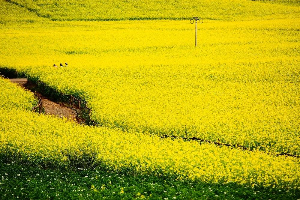 清明左右,自駕驅(qū)車來到在束河的西山游路,這時的油菜花已經(jīng)大片大片的盛開,如果你是我,就應(yīng)該放下手上的工作,去看看束河的油菜花海,站在田梗處,看一看這里的山山水水,似乎也似被穿上了一層金色的外衣,就連田野上的一抹翠綠,也成了這片花海的點綴。成了生機勃勃的宣傳詞,如青春一般,讓人不舍。
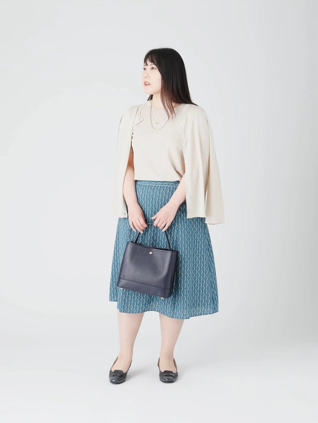 同素材のカーディガンを肩掛けしたアンサンブルスタイル。華奢なチェーンの2連ネックレスは、シンプルなニットを華やかに彩り、さりげなく目線を上げてくれます。ボトムは、ホワイトの配色が涼しげなプリントスカートをチョイス。ダイヤのようなモチーフが繋がったプリントは、縦のラインを強調しすっきりとした印象に導きます。
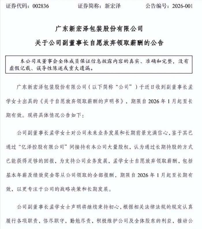 近日,位于广东省潮州市的上市公司新宏泽,发布的一则公告引发关注。副董事长孟学女士主动提交声明称,“自2026年1月起自愿放弃领取全部薪酬,且长期有效”。
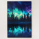 The vibrant hues of green, blue, and purple dance across the sky, illuminating the silhouetted forest below and reflecting in the serene waters. This puzzle promises an engaging and rewarding Relaxation Activity, making it one of the ideal gifts for jigsaw puzzle lovers.
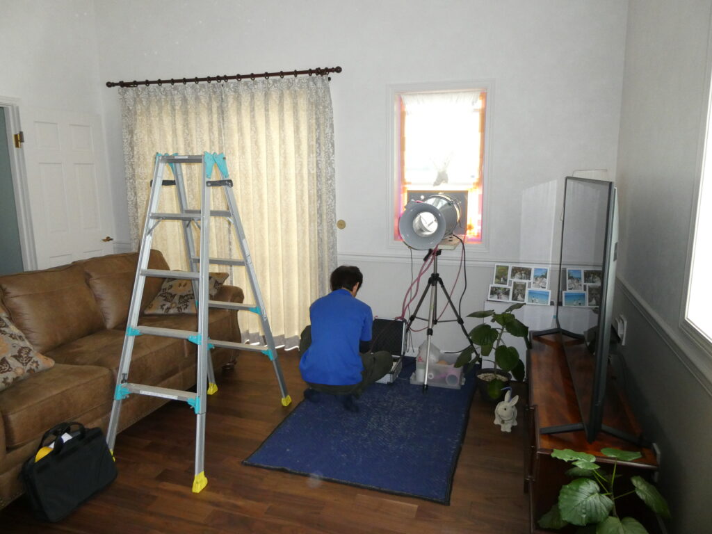 気密測定をおこないました。相当隙間面積(C値)は0.2cm2/m2(0.16cm2/m2)でした。
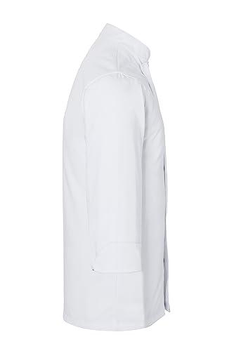 Kochjacke Basic Unisex von Karlowsky. 65% Polyester/35% Baumwolle, weiß, normaler Schnitt, Brusttasche links, Ärmelmanschetten mit Schlitz, 10-Knopf-Verschluss, Größe 2XL.
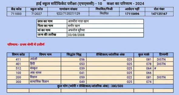 समीरा ने 10 क्लास की परीक्षा में 500 में से 380 अंक हासिल किये हैं। उन्होंने मैथ्स में 66, विज्ञान में 81, सामाजिक विज्ञान में 74, अंग्रेजी में 81 और हिन्दी में 78 मार्क्स हासिल किय हैं।
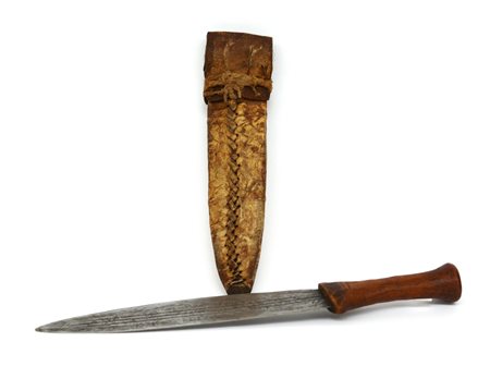 Pugnale con impugnatura in corno di rinoceronte e fodero in coccodrillo. Lama a
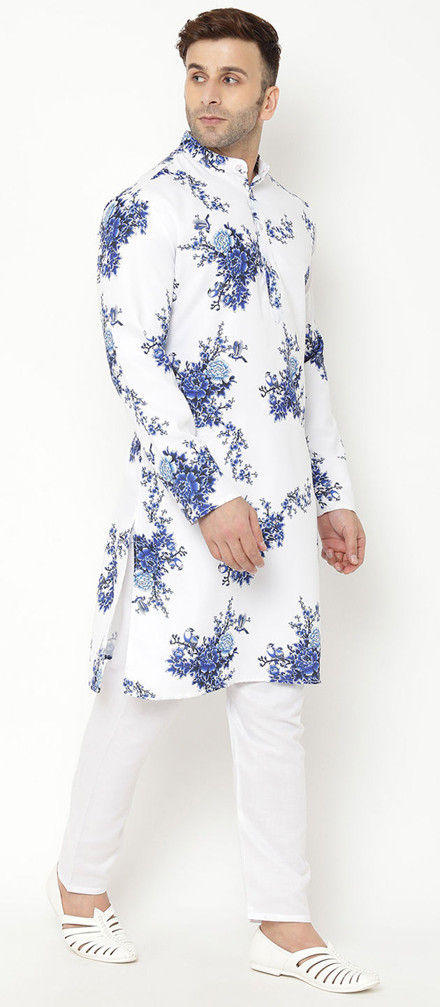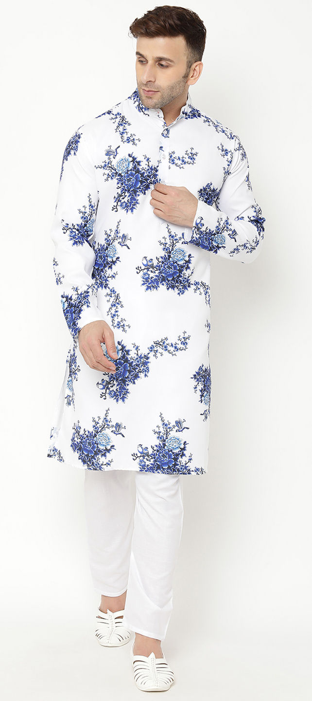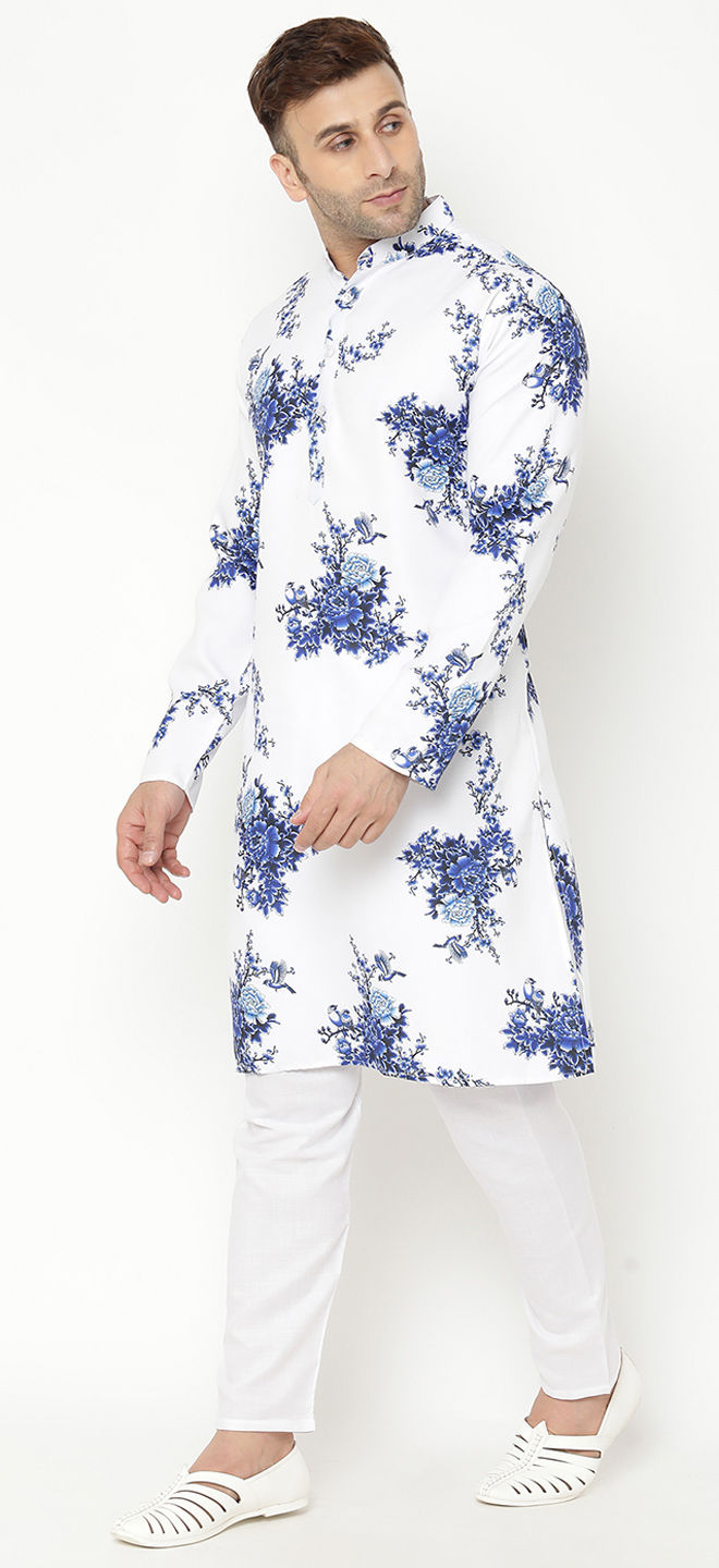 White and Off White color Kurta Pyjamas in Blended Cotton fabric with Floral, Printed work
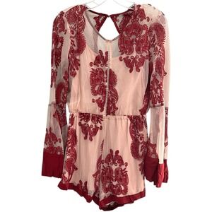 MINIPINK Burgundy Sheer Mesh Romper Bell Sleeve Boho Festival Floral Size Small
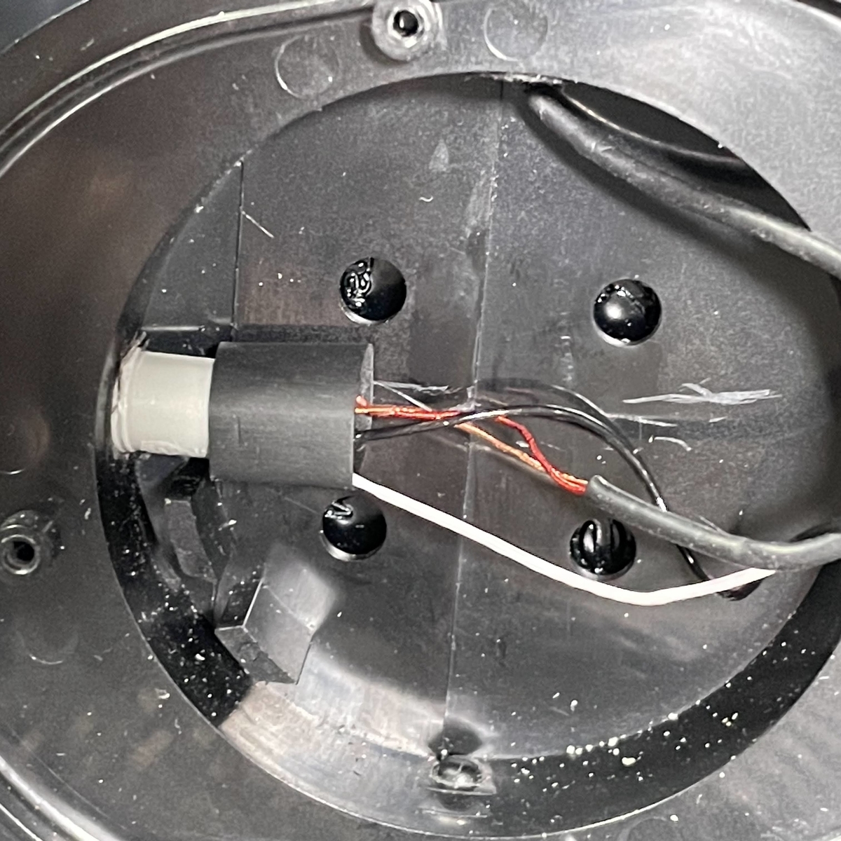 熱伸縮チューブを先に通して穴から外にケーブルを出します。

* EXERCISE GOAL
Repeat each line of the listing word for word, from the first through the line that contains "The vibrant hues". Any picture stays out.

* TASK ANSWER
 清明左右,自駕驅(qū)車來到在束河的西山游路,這時的油菜花已經(jīng)大片大片的盛開,如果你是我,就應(yīng)該放下手上的工作,去看看束河的油菜花海,站在田梗處,看一看這里的山山水水,似乎也似被穿上了一層金色的外衣,就連田野上的一抹翠綠,也成了這片花海的點綴。成了生機勃勃的宣傳詞,如青春一般,讓人不舍。
 同素材のカーディガンを肩掛けしたアンサンブルスタイル。華奢なチェーンの2連ネックレスは、シンプルなニットを華やかに彩り、さりげなく目線を上げてくれます。ボトムは、ホワイトの配色が涼しげなプリントスカートをチョイス。ダイヤのようなモチーフが繋がったプリントは、縦のラインを強調しすっきりとした印象に導きます。
 近日,位于广东省潮州市的上市公司新宏泽,发布的一则公告引发关注。副董事长孟学女士主动提交声明称,“自2026年1月起自愿放弃领取全部薪酬,且长期有效”。
 The vibrant hues of green, blue, and purple dance across the sky, illuminating the silhouetted forest below and reflecting in the serene waters. This puzzle promises an engaging and rewarding Relaxation Activity, making it one of the ideal gifts for jigsaw puzzle lovers.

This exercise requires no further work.